I went through this exercise with one of my customers recently, and their DBAs came back with:  “We don’t need any of those performance metrics from SCOM. We don’t use them, we don’t see them, we don’t need them.”  It turns out they use something else to track and chart SQL performance and wanted no SQL performance collections in SCOM.  My customer does want all other SQL monitoring, meaning the rules and monitors which raise alerts.  They just didn’t want the performance data, so they wanted to disable all the SQL performance collection rules across all versions of SQL (2005, 2008, 2012, 2014, 2016).

NOTE:  Yes, it is possible to disable just the performance rules, without disabling any monitors (even monitors which leverage the same performance metrics as rules I disable.)  Performance based monitors will either have their own data source, or a shared data source with the performance rules.  Disabling a rule does not disable the underlying data source so the monitors will be fine either way.

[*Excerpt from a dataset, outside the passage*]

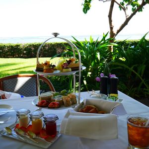 海やダイアモンドヘッドを見ながらアフタヌーンティー。

So the question then becomes, how do I disable all the performance based rules in ALL the SQL management packs across all versions and components?  The answer:  PowerShell, of course.  I am a big believer in not reinventing the wheel if I don’t need to.  Sridhar Vishwanatham wrote an excellent article on TechNet titled:  SCOM 2012: Bulk Override Creation for Monitors and Rules using PowerShell.  He has a script in the Rules section which almost did what I needed, so I performed a few quick modifications:

I ran the script above directly on one of my customer’s Operations Manager Management  servers, and then verified the SQL performance collection rules across all SQL management pack versions were disabled.  I do want to point out that in line number 4 I specify a management pack in which so store the overrides.  I chose to store these overrides on a separate management pack from where I keep all my other SQL customizations, in case I want to reverse these performance collection rule overrides in bulk.  If a time ever comes where the SQL team again wants to collect performance information for SQL using the SQL management packs, all I need to do is remove the management pack called “Litware.SQL.Customizations2.MP” from the SCOM management group, and performance collections will begin anew.

After having performed the override of all SQL performance collection rules across SQL versions, running the Data Volume by Management Pack, and configuring a timeframe of a few days AFTER the overrides went into effect, I now get a report like this:

Notice that far less data is going into my SCOM databases, and I can then choose whether I need to tune any of the workflows from the remaining management packs.  It is important to note that I do not look to get rid of all data going into the SCOM databases.  The objective is to have SCOM monitor the items you care about, and collect data that you care about.  Collecting data which you do not need, and will never use is a waste of time and resources, so the trick is to tune SCOM to collect only what you need, and nothing else.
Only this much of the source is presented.